At concerts, don’t be ‘that guy’
The band T-shirt — a staple of youth culture since the late ’60s.
So many bands to see, so many different styles. But, there are so many rules to follow when wearing these shirts to prevent total embarrassment.
Why do we have these inane rules? Because we don’t want to appear like a totally obsessed fan, or look like the one guy at Music Midtown wearing a Styx T-shirt and sporting a less-than-perfect red neck mullet.
People may call me a rock elitist because I try to follow the rules so closely. That may be true, I am too self-conscious at times.
The first rule: Never wear the T-shirt of a band which happens to be the same one you are going to see.
Again, picture that same mullet-man at Music Midtown and his Jerry Cantrell shirt yelling “Rock!” and giving a somewhat poor devil/rock ‘n’ roll hand gesture while holding a 40-ounce can of Milwaukee’s Best.
As said in the film, “PCU,” you don’t want to be “that guy.”
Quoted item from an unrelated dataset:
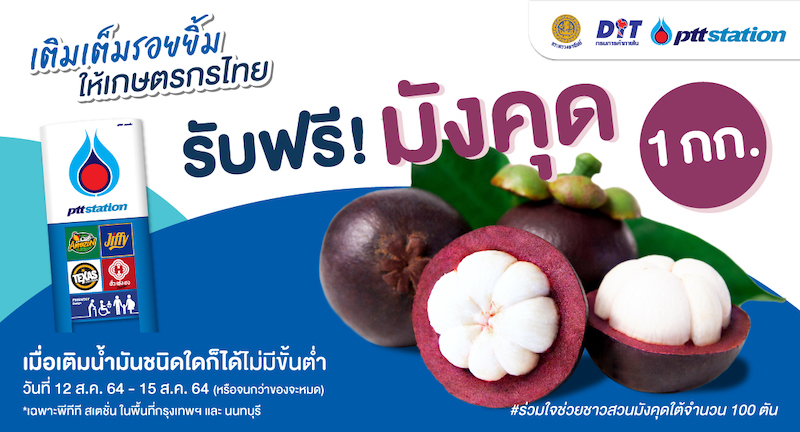 บริษัท ปตท. น้ำมันและการค้าปลีก จำกัด (มหาชน) (โออาร์) ร่วมกับกรมการค้าภายใน กระทรวงพาณิชย์ จัดโครงการ พีทีที สเตชั่น เติมเต็มรอยยิ้มให้เกษตรกรไทยเพื่อบรรเทาความเดือดร้อนของเกษตรกรชาวสวนมังคุด โดยรับซื้อมังคุดจำนวน 100,000 กิโลกรัมจากเกษตรกรชาวสวนมังคุด จ.นครศรีธรรมราช ซึ่งประสบปัญหาจากการแพร่ระบาดของโรคโควิด-19 ทำให้ไม่มีช่องทางระบายสินค้า เป็นผลให้มีผลผลิตล้นตลาดและราคาตกต่ำ และส่งต่อรอยยิ้มโดยนำมังคุดมามอบให้ผู้ใช้บริการ พีทีที สเตชั่น ที่เติมน้ำมันชนิดใดก็ได้ไม่มีขึ้นต่ำ ระหว่างวันที่ 12 -15 สิงหาคม 2564 ณ สถานีบริการน้ำมัน พีทีที สเตชั่น 218 แห่ง ในพื้นที่กรุงเทพมหานครและนนทบุรี รับฟรี มังคุด 1 กก. พร้อมกันนี้ โออาร์ ยังได้ส่งมอบมังคุดจำนวน 10,000 กิโลกรัม ให้กับ หน่วยงาน โรงพยาบาล องค์กรเอกชน กลุ่มจิตอาสาต่าง ๆ และศูนย์พักคอยของกรุงเทพมหานคร รวมทั้งสิ้น 79 แห่ง เพื่อสนับสนุนการดำเนินการและเป็นขวัญและกำลังใจในการปฏิบัติหน้าที่ของเจ้าหน้าที่และอาสาสมัครอีกด้วย ผู้สนใจสอบถามรายละเอียดเพิ่มเติมได้ที่ โทร. 1365 Contact Center

The next rule, if you own multiple shirts of the same band, don’t wear them two days in a row.
You don’t want someone to think you have a limited number of shirts. Sometimes that will lead to the feared “didn’t you wear that yesterday?” insults from the preppy girl at the end of your row.
People may also eventually find out the truth and may make fun of you for being completely obsessed with a certain band, which brings me to the next rule.
It is never permissible, under any circumstance, to wear either a Metallica or Megadeth shirt.
Being the complete nerd I am, I spent my middle school and early high school years perusing the many guitar publications, spending extra time on the advertisements for various band T-shirts. On these ads, there were at least 30 separate shirts dedicated to Metallica or Megadeth.
I am not trying to insult the musicianship of the two bands; there have simply been way too many shirts made for them.
Another trend over the past couple of years is wearing T-shirts of long forgotten bands. Just because you may have a Human League shirt from 1982, doesn’t make you cool, and the joke you are trying to make really isn’t that funny.
There is a reason those shirts were at the thrift stores, someone else was trying to get rid of them because they couldn’t even hold the duty of waxing someone’s car.
The rule on vintage shirts: Please only wear them if they are in decent condition.
Back in middle school, I had this Pearl Jam shirt, and I thought I was the coolest kid in the world. The front of the shirt featured a little girl coloring with crayons. The back, in huge green letters, said, “Nine out of ten kids prefer crayons to guns.”
And that same preppy girl who sat at the end of my row, enlisted the whole class in making fun of that shirt.
Being the cry baby that I still am to this day, I never wore that shirt to school again. I guess I should have thought of wearing an anti-NRA shirt in the gun-happy west Cobb County.
Now, these rules only really apply if you are as insecure as I am. If I can save that small percentage though from one day of possible ridicule, then my work is done.
– Parker Davidson is a senior in publication management. The Classic Rant is a variety column appearing weekly.